The contribution at the time of the Neolithic, at 4–5 ka, varied with the criterion and the genetic system, but 25–35 % is probably the best estimate (Fig. 1c). (The f1 criterion in mtDNA probably overestimates recent migration due to the large size of the source sample used.) Only one major founder presented significant differences between the analyses: B4b appears Neolithic in f1 criterion and part of the postglacial migration in the f2 criterion (Fig. 1d). This haplogroup deserves further attention in the future. The widely held model for the spread of the Neolithic in ISEA implicates expanding pre-Austronesian/Austronesian speakers from South China/Taiwan (Bellwood 1997); but in fact not all of the Neolithic founders we identify support this hypothetical “out-of-Taiwan” dispersal. A large fraction of Neolithic mtDNA founder clusters from haplogroups B5a1 and F1a1a (~10 % out of the 25–35 % Neolithic lineages in the analysis) appear to have originated in MSEA, and are rare or absent in either Taiwan or the Philippines.
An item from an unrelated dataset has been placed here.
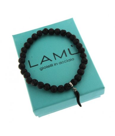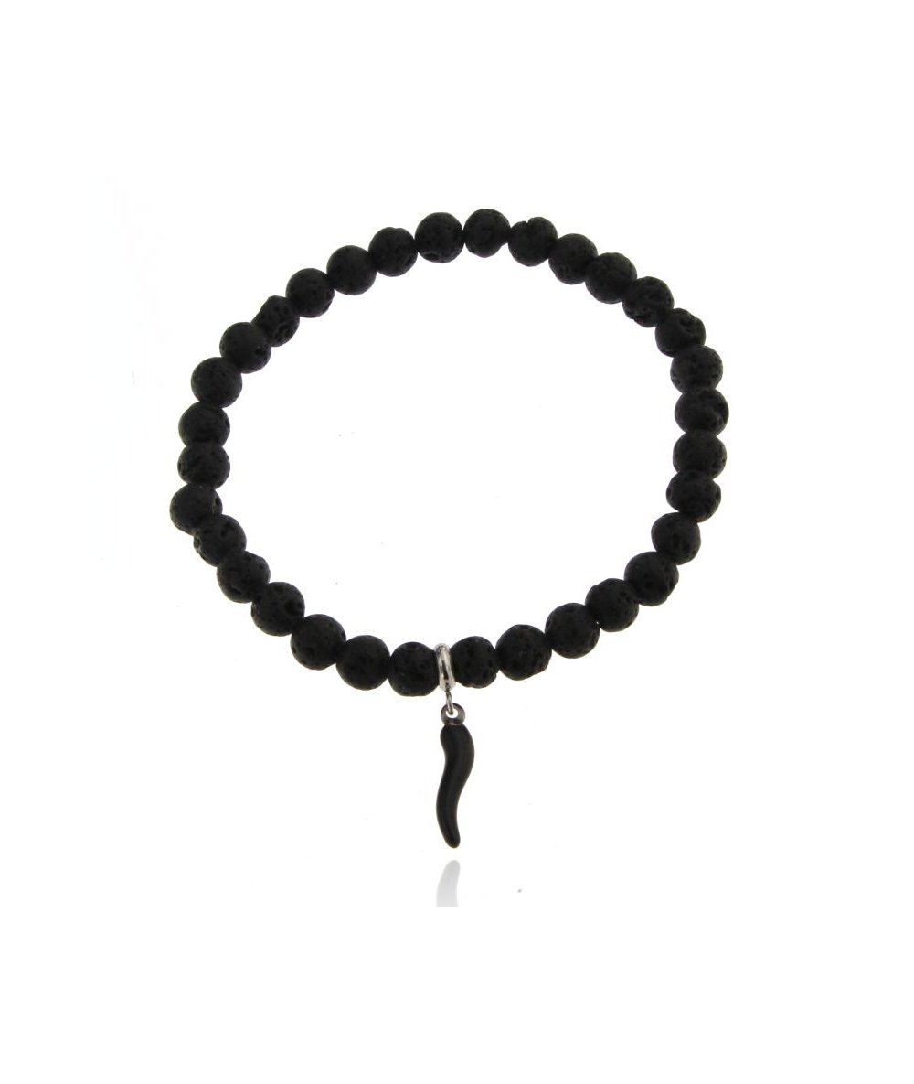 Bracciale uomo elastico con sfere nere in pietra lavica pendente cornetto nero in acciaio

Our results therefore suggest that mid-Holocene Neolithic immigration into ISEA was in part via MSEA, temporally associated with spread of basket-marked and carved paddle-impressed pottery, which appeared across MSEA as early as red-slipped pottery appeared in Taiwan (Bulbeck 2011), and possibly involving speakers of Austroasiatic languages (i.e. Anderson’s “Neolithic I”) (Anderson 2005). The mtDNA haplogroups M7c3c, Y2, F1a4a, B4c1c and possibly B4b (which shows contrasting patterns under the two criteria) may, however, represent genuine “out-of-Taiwan” clades in ISEA. These founders are all derived from Chinese-mainland source haplogroups, and within Austronesian-speaking populations they have a higher overall frequency in Taiwan and the Philippines (Fig. 2a). This input, at ~20 %, lends support to a modified, small-scale “out-of-Taiwan” model [Anderson’s “Neolithic II” (Anderson 2005; Donohue and Denham 2010)], proposed to explain the appearance of red-slipped pottery in relation to the early dispersal of Austronesian languages.
Fig. 2

Frequency map of probable Neolithic markers (lineages argued to track one or other of the dispersals associated with Neolithic ceramics) in mtDNA and genome-wide data. a Pooled frequency of candidate “out-of-Taiwan”, “Neolithic II” mtDNA haplogroups, based on founder analysis. b Possible “out-of-Taiwan”, “Neolithic II” component in the genome-wide data when considering 10 ancestral populations in the ADMIXTURE analysis. c Pooled frequency of candidate MSEA “Neolithic I” haplogroups in ISEA. d Possible MSEA “Neolithic I” component in the genome-wide data when considering 10 ancestral populations in the ADMIXTURE analysis. The outline map was obtained from http://www.outline-world-map.com

On the male line of descent, the Neolithic contribution is lower (15–20 %) but, since MSEA is not represented in the Y-chromosome dataset, all these Neolithic founders are likely to represent the putative “out-of-Taiwan” dispersal, mirroring closely the ~20 % “out-of-Taiwan” founders for mtDNA. Most of O1a and all of O1a2 likely represent signals of Neolithic migrants from Taiwan, confirming earlier suggestions (Karafet et al. 2010; Trejaut et al. 2014). A portion of O3a (~10 % in the f1 criterion) was also partitioned into the Neolithic in our analysis.

Corroboration of founder analyses with genome-wide evidence

We next compared these results with patterns observed in autosomes, using genome-wide data from the Pan-Asian SNP Genotyping Database (Abdulla et al. 2009; Ngamphiw et al. 2011) and the ADMIXTURE software.

At a more basal level, the first that seems anthropologically and genetically potentially valid (K = 5, which includes African, South Asian and Near Oceanian components in purple, white and blue) (Fig. 3a), the East Asian autosomal data separate into a Southeast Asian component (green) with a focus on the ancient Sunda continental shelf (MSEA, Sumatra, Java and Borneo) that varies from ~80 % around Borneo and drops in frequency as one moves north, and a Chinese/Northeast Asian component (red), which varies between 100 and 60 % in mainland China. Frequencies of the latter in Taiwan (~30 %) and Southeast Asia (5–30 %) match the mtDNA picture of Neolithic-age Chinese gene flow into ISEA (Fig. S8; cf. Fig. 2a). It is, however, difficult to directly connect a given component in ancestry analysis with a given demographic occurrence. One could calculate the time of admixture, but admixture ages are not necessarily indicative of time of migration (Lipson et al. 2014). In addition, the ages calculated are sometimes dubious and under-estimated as the estimated time of split between Europeans and New Guineans suggests (Wollstein et al. 2010).
Fig. 3

Reconstruction of ancestry in Asian populations using ADMIXTURE. Considering a five ancestral populations (K = 5) and b 10 ancestral populations (K = 10)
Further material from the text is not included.